George W. Bush (Junior): All prime numbers must be liberated, let’s bomb them.
Nixon: Put nine on the enemies list. I’m gonna get that number.
John F. Kennedy: I am a prime number!
Microsoft (1): Our revolutionary new product Prime05™ will be the only prime number you will erver need.
Microsoft (2): Prime07™ is even more prime.
Romanticist: There’s no prime like 9.
Optimist: Half the numbers are prime, the odd ones.
Pessimist: Half the numbers are not prime, the even ones.
SCO: All primes are our intellectual property.
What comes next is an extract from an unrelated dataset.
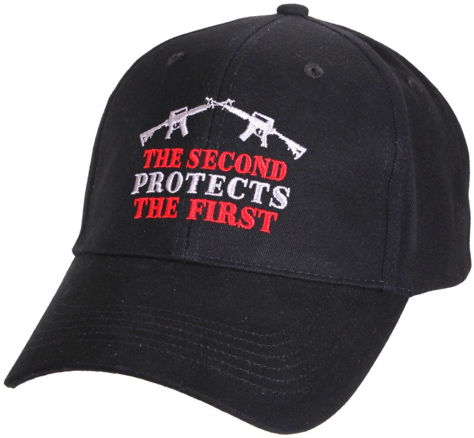 Бейсболка черная с карабинами M-4 и надписью «Второй защищает первого» Rothco 2nd Protects 1st Deluxe Low Profile Cap 9820

You can buy a licence for $699.
Richard Stallman (RMS): Primes want to be free!
Women’s libber (1): All prime numbers are even because the odd ones are male.
Women’s libber (2): 1 is she-prime, 3 is she-prime, 5 is she-prime, 7 is she-prime, …
Student: 1, 3, 5, 7 … you wanna fries with that?
Hollywood (1): “Prime 9 - The Return” in a cinema near you!
Hollywood (2): “Prime Wars - Attack of the Primes” best movie of the year!
Republican: 1 is prime, 3 is prime, 5 is prime, 7 is prime, 9 is communist, …
Star Trek: Even Numbers, where no primes have gone before.
Jedi Knight: sways_hand 9 is not the prime you are looking for!
Yoda: prime 1 is, prime 3 is, prime 5 is, prime 7 is, a disturbance of the force 9 is, …
X-Files: 1 is prime, 3 is prime, 5 is prime, 7 is prime, 9 … must be an alien conspiracy …
Matrix (1): Take the the blue pill and wake up. Take the red pill any I’ll show you what the prime numbers are.
Matrix (2): Unfortunately, no one can be told what prime numbers are, you have to see them for yourself.